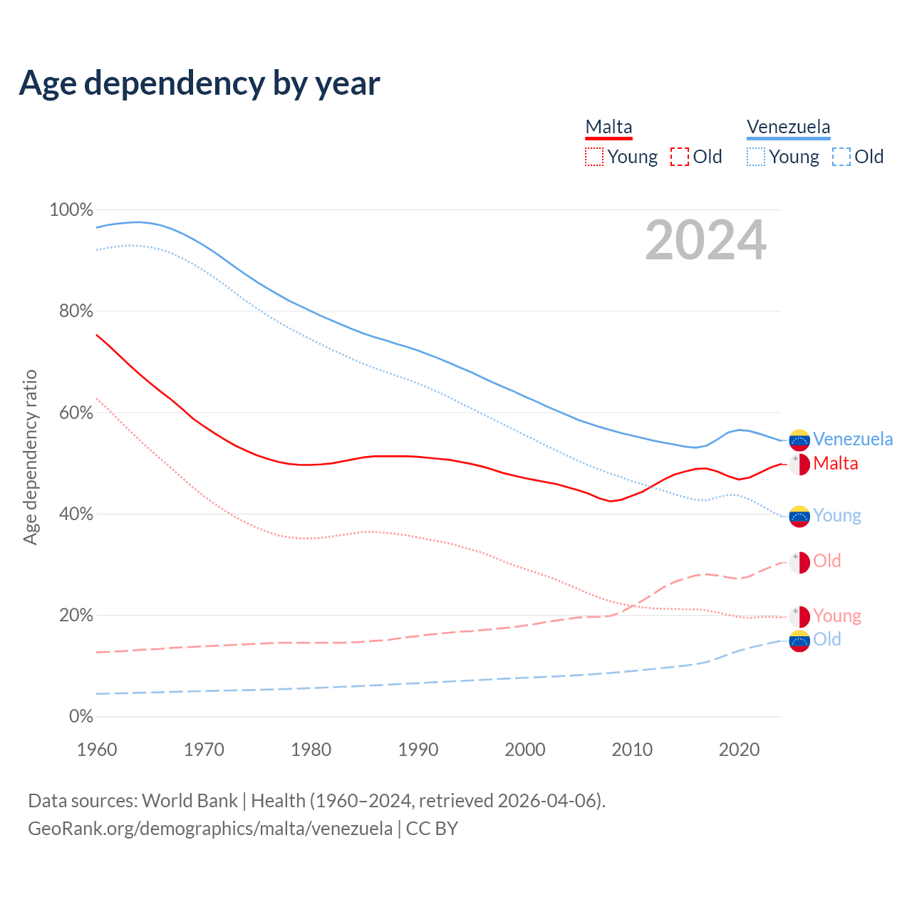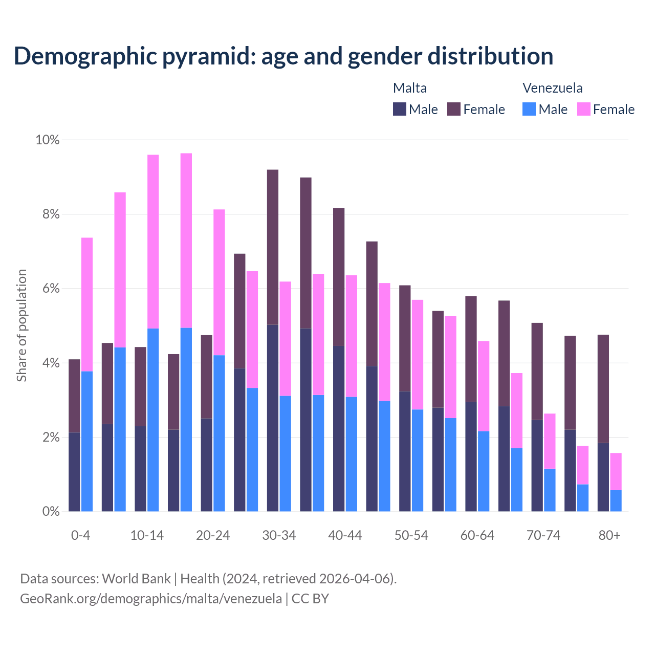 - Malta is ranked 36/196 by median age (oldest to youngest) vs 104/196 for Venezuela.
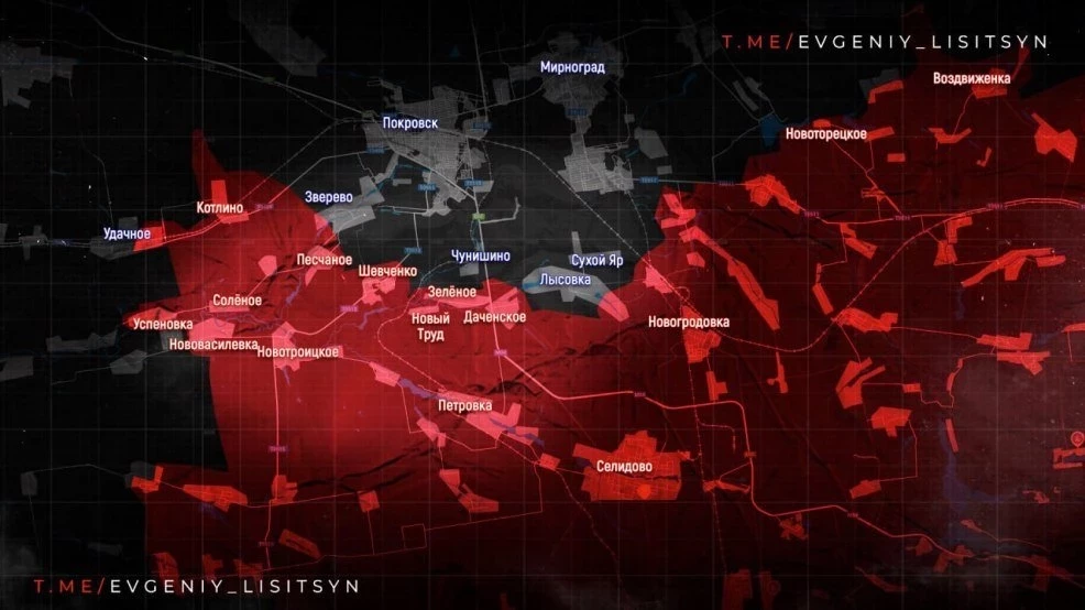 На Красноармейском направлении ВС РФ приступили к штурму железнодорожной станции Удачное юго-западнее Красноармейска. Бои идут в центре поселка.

***

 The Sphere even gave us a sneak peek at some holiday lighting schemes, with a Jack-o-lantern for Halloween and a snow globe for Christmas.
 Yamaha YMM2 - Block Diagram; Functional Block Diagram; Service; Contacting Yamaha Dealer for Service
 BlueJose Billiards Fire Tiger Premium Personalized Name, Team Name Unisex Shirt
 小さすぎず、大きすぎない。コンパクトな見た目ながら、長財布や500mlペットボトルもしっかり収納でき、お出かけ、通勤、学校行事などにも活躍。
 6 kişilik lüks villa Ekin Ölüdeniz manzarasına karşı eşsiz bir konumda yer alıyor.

***

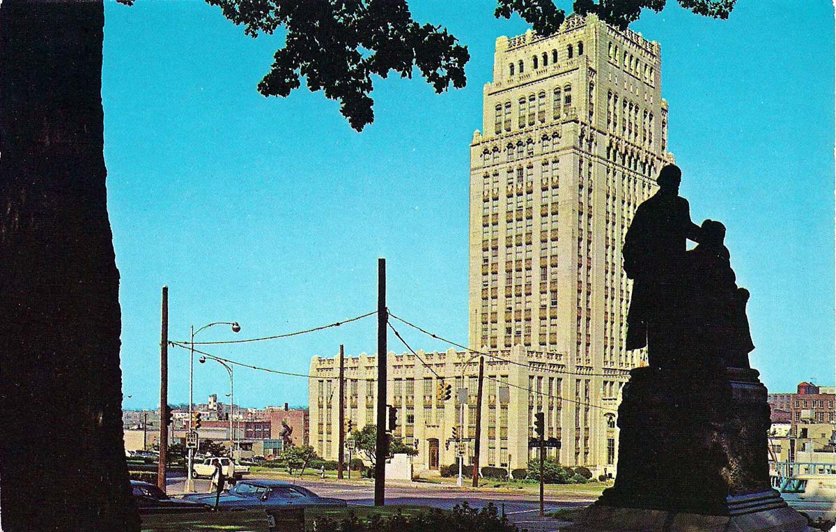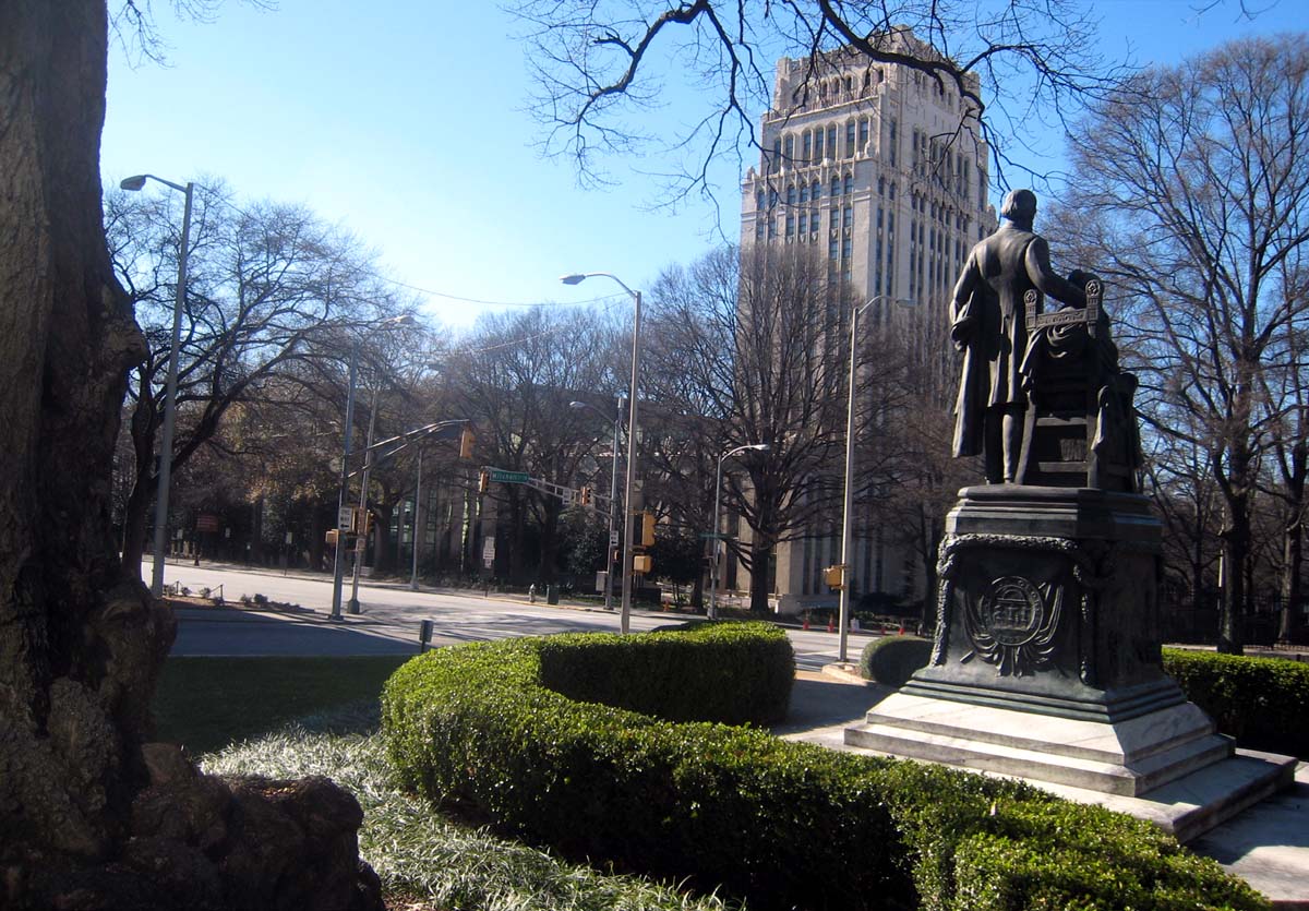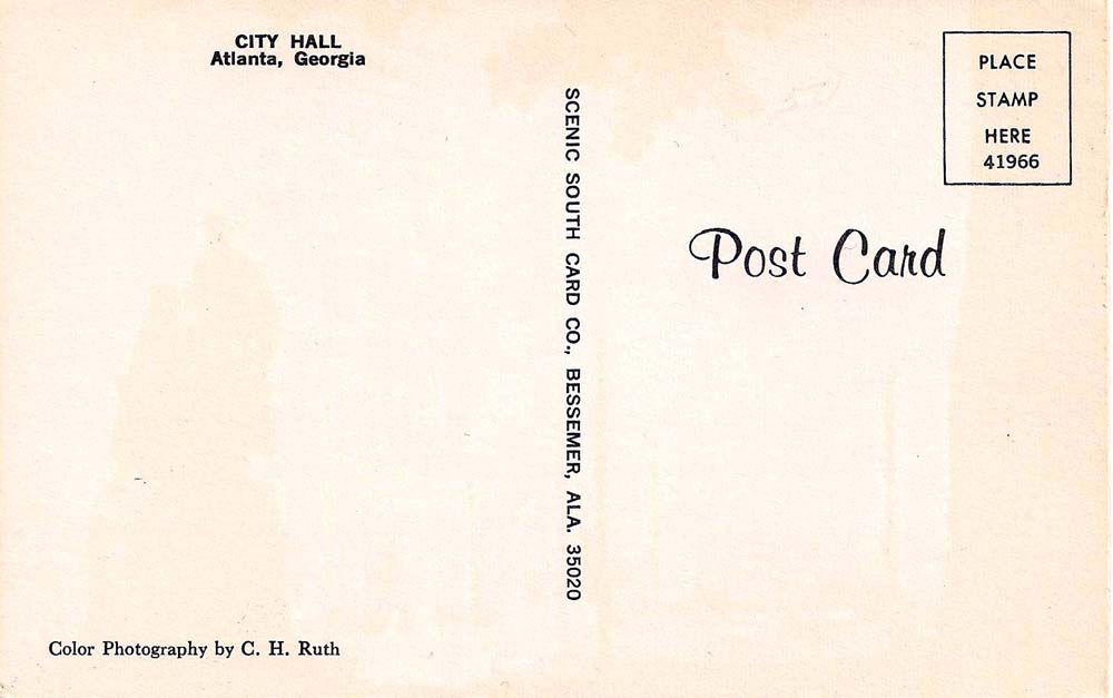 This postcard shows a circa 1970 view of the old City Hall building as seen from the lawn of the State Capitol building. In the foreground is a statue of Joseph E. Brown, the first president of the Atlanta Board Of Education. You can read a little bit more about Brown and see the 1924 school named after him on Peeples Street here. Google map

***

### Task item
What you return must match the lines above from the one with "- Malta is ranked" through the one with "На Красноармейском направлении" exactly, with both ends included and the pictures excluded.

### Finished exercise
 - Malta is ranked 36/196 by median age (oldest to youngest) vs 104/196 for Venezuela.
 На Красноармейском направлении ВС РФ приступили к штурму железнодорожной станции Удачное юго-западнее Красноармейска. Бои идут в центре поселка.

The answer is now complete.